Bender writes "The Tech Report has an interesting article comparing IDE RAID controllers from four of the top manufacturers. The article serves as more than just a straight product comparison, because the author has included tests for different RAID levels and different numbers of drives, plus a comprehensive series of benchmarks intended to isolate the performance quirks of each RAID controller card at each RAID level. The results raise questions about whether IDE RAID can really take the place of a more expensive SCSI storage subsystem in workstation or small-scale server environments. Worthwhile reading for the curious sysadmin." I personally would love to hear any ide-raid stories that slashdotters might have.

8 of 586 comments (clear)

  1. at the company I work for by npietraniec · · Score: 5, Funny

    At the company I work for, IDE RAID has become somewhat standard because we're basically cheap... At least it's standard on the servers that are fast enough to support it. The rest use dd to copy partitions between backup drives. My boss calls it "RAID point five" We lovingly refer to it as the ghetto network.

  2. A little story by bravehamster · · Score: 4, Funny
    I work for a small custom computer shop. We built a system a few months back for a video editing company here in town. Obviously they needed a lot of storage, so we suggested a RAID-5 system using 6 100GB drives, giving them roughly half a terabyte of storage.
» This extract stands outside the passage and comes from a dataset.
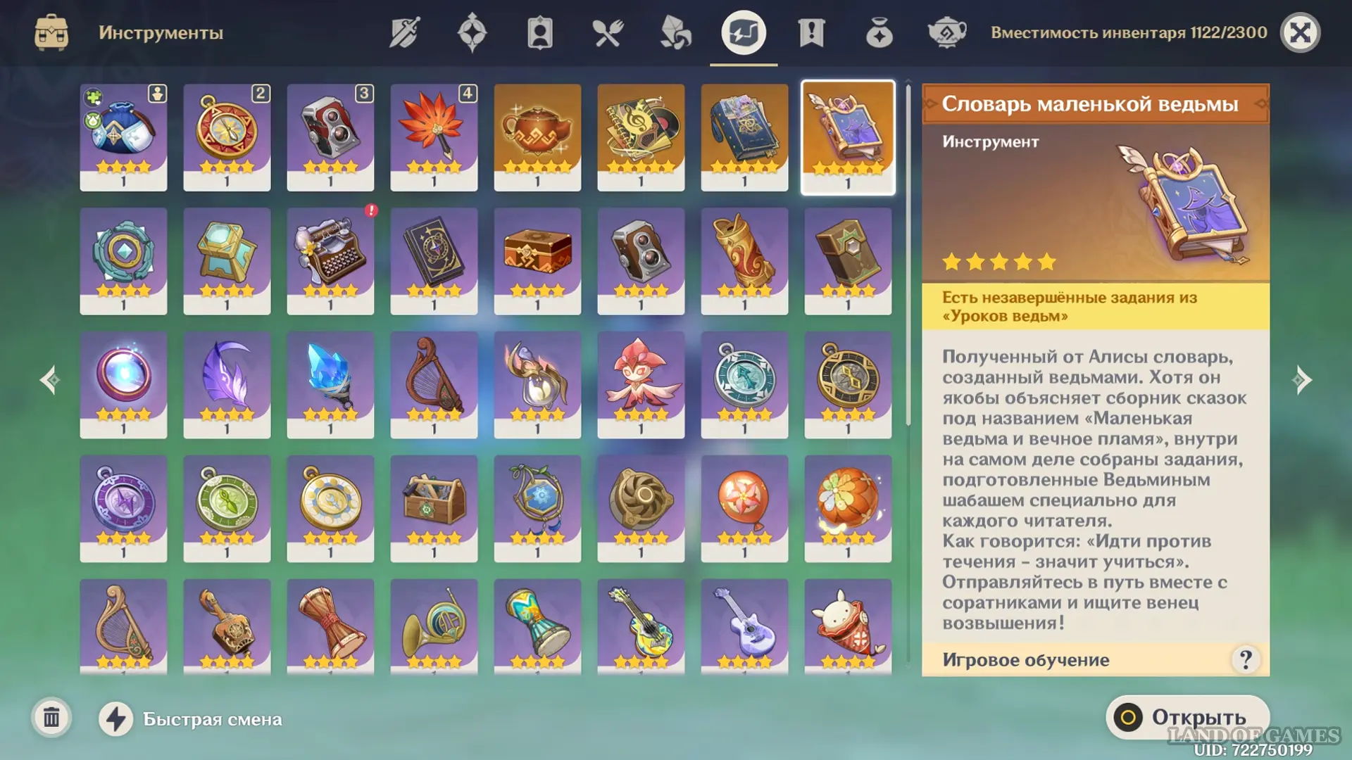 После получения словаря откройте его через Инвентарь, найдите иконку с Сахарозой и запустите ее урок ведьм.

The liked the idea, but insisted we used RAID-0 (the Purchasing Officer had read his PC Gamer and thought it sounded cool). We advised against it, but they insisted. 2 months down the line, a hard drive on one of their other computers breaks down. Their newly hired technician (the office managers son) saw that their big old file server had 5 hard drives in it, but was only using 1 in windows! Being the smart boy that he is, he dutifully shuts down the machine, removes one of the drives, puts it on the broken machine, formats and loads windows on it. He seemed awfully surprised when the file server wouldn't boot, and tried to blame it on us for losing a month of work. Despite our other recommendations, they had no backups. They went out of business last month.

    --
    ---- El diablo esta en mis pantalones! Mire, mire!
    1. Re:A little story by archen · · Score: 5, Funny

      Sort of reminds me of the place I work.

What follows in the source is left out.